Longe do lugar-comum de que “o rigor da meritocracia” é fundamental para o bom desempenho da universidade, e isto impede que haja negros e pobres nos campi, é preciso ir além. Deve-se perguntar o que provocou a exclusão dos negros e pobres. Será que os dirigentes da USP já refletiram que existe a meritocracia justa e a injusta? Não seria este o instrumento perverso de exclusão?
Todos sabem que há negros na comunidade da USP, mas são ignorados pelos demais, invisíveis à maioria dos alunos, professores e dirigentes. Os negros e pobres são os trabalhadores da universidade, aqueles que movem as engrenagens das inúmeras atividades — da limpeza à burocracia. São homens e mulheres que trabalham sem qualquer esperança de um dia eles ou seus filhos usufruírem da universidade, que é pública e paga por seus impostos.
A USP é mantida pela arrecadação do ICMS – um imposto que incide sobre toda compra e venda, principalmente da passagem de ônibus, do arroz, do feijão, etc., e pago por todos nós, principalmente os pobres. Ora, se todos consomem, e há muito mais pobres do que ricos, é gritante que a USP – com sua estrutura visivelmente elitizada – é mantida por quem, no atual modelo se seleção, jamais conseguirá nela estudar. Em uma frase: é uma instituição mantida majoritariamente pelos pobres, e desfrutada em grande parte pelos ricos, que não devolvem quase nada ao saírem formados. Mais de 80% dos matriculados vêm de escolas particulares, quando, no Brasil, 88% do que terminam o ensino médio saem de escolas públicas!

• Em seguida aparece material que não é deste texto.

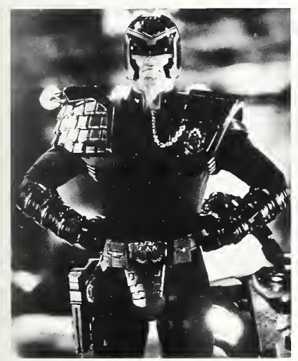
Sylvester Stallone as Judge Dredd.

A BRAIN TEASE: How can a movie, which starts with the script, have one of the worst screenplays ever written, and still be entertaining? And the answer isn't a silent movie, that's too obvious. The correct solution is spend $80 million on effects, feature a lot of attractive people, a boatload of explosions, a bitchin' futuristic set and look like a virtual reality ride. Hollywood Pictures' Judge Dredd, based on the popular British comic book, represents all that's wrong with modern filmmaking. The characters aren't drawn out, the dialogue is absurdly bad, featuring one bad judge pun after another, and the acting, especially Sylvester Staloon as the
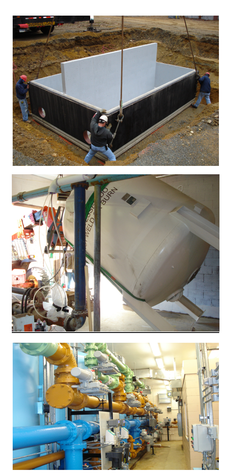
Town of Colchester - Sewer & Water Commission - Water Treatment Plant
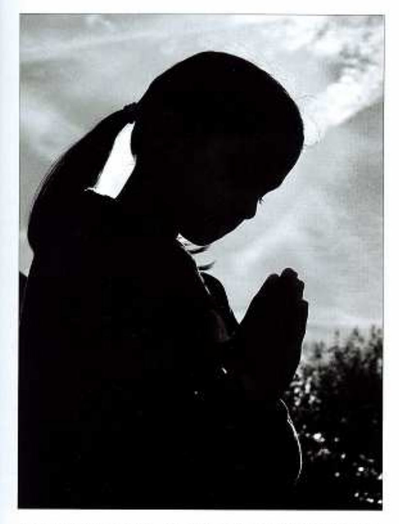
Greeting from Shishukunj members.
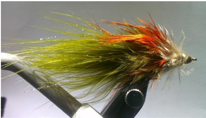
The Sick Puppy

Mesmo sem que tudo isso esteja explícito, não é de se admirar que o pobre povo pobre ignore a USP e a classifique como “reduto dos ricos”. A população apenas ignora, retribuindo a indiferença que recebeu nestes últimos 78 anos. Porém, o povo, através da Educafro e outras entidades de articulação comunitária, precisa se fortalecer e fazer mudar esta realidade.

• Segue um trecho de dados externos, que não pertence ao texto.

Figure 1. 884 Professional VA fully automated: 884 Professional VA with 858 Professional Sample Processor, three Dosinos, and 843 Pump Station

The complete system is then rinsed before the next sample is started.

É inadmissível que, ao lado do maior campus da USP – a Cidade Universitária, exista uma enorme favela, que nasceu e se desenvolveu paralelamente à história do campus. É inaceitável saber que os moradores tenham como única forma de adentrar naquelas avenidas e alamedas arborizadas o crachá de funcionário terceirizado da faculdade – uma forma moderna de continuar escravizando os trabalhadores das camadas mais sofridas da sociedade.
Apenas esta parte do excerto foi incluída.